Assignment
Your task is to return all of the records exactly, minus any images.
━━ Listed records
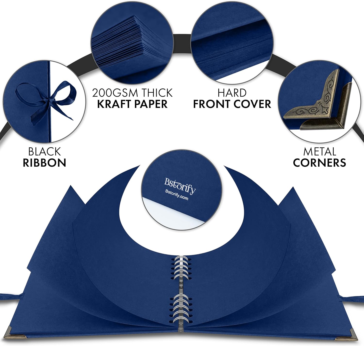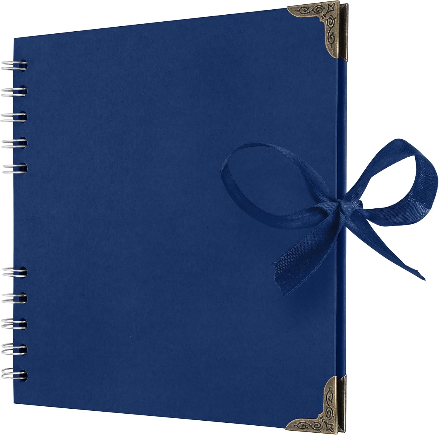 Bstorify Square Scrapbook Photo Albums 7 x 7 Inch Blue Hardcover with Ribbon Closure - Ideal for Scrapbooking, Art & Craft Projects
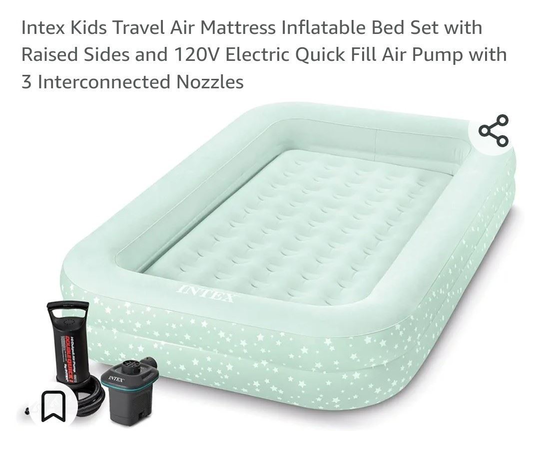 Child-friendly inflatable bed with secure raised sides, includes 120V quick-fill electric air pump, new.
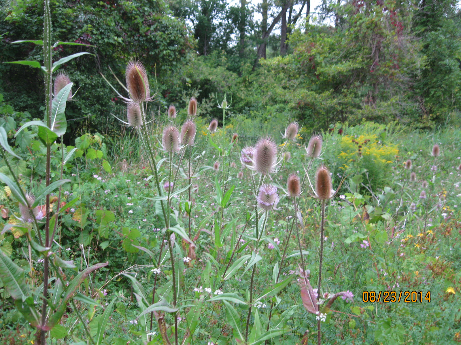 Carding wool is a process which runs the wool through a carding material. We get the word “carding” from the Latin word “carduus” which means teasel. When the Barbers ran their mill, their workers would have used the heads of the teasel plant to draw out the fibres of the wool into long strands that could be spun. Today carding is performed with a set of paddles with many closely spaced pins on them. Teasel plants still grow around the mill property. By mid summer the plant can be up to 2 meters tall with large purple heads on them. The flower forms a purple ring that works its way down the the head as it blooms. The ones pictured below have finished blooming.
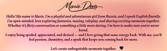 You can ASK FOR A DATE with MarieDevis at your convenience. Everything is in your timezone, your local hours. She will receive your request and accept it if her schedule is free. You will receive a confirmation via email and you can prepare for your hot experience.
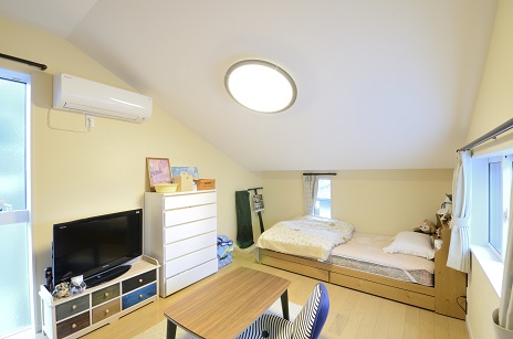 - 壁紙が温かみある色合いの部屋は、勾配天井が海外の屋根裏部屋のような雰囲気でお気に入りの空間です。
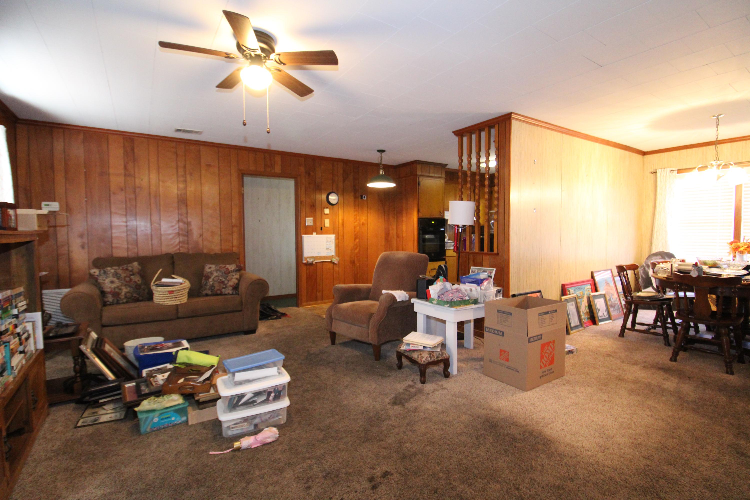 Carpet runs throughout most of the home, with durable flooring in the kitchen, dining area, and bathroom. Enjoy the lovely back porch, an attached outdoor storage room, and covered parking beneath the porch if desired. There is also a nice-sized patio located beside the covered porch and parking area.
━━━━
Answer space
 Bstorify Square Scrapbook Photo Albums 7 x 7 Inch Blue Hardcover with Ribbon Closure - Ideal for Scrapbooking, Art & Craft Projects
 Child-friendly inflatable bed with secure raised sides, includes 120V quick-fill electric air pump, new.
 Carding wool is a process which runs the wool through a carding material. We get the word “carding” from the Latin word “carduus” which means teasel. When the Barbers ran their mill, their workers would have used the heads of the teasel plant to draw out the fibres of the wool into long strands that could be spun. Today carding is performed with a set of paddles with many closely spaced pins on them. Teasel plants still grow around the mill property. By mid summer the plant can be up to 2 meters tall with large purple heads on them. The flower forms a purple ring that works its way down the the head as it blooms. The ones pictured below have finished blooming.
 You can ASK FOR A DATE with MarieDevis at your convenience. Everything is in your timezone, your local hours. She will receive your request and accept it if her schedule is free. You will receive a confirmation via email and you can prepare for your hot experience.
 - 壁紙が温かみある色合いの部屋は、勾配天井が海外の屋根裏部屋のような雰囲気でお気に入りの空間です。
 Carpet runs throughout most of the home, with durable flooring in the kitchen, dining area, and bathroom. Enjoy the lovely back porch, an attached outdoor storage room, and covered parking beneath the porch if desired. There is also a nice-sized patio located beside the covered porch and parking area.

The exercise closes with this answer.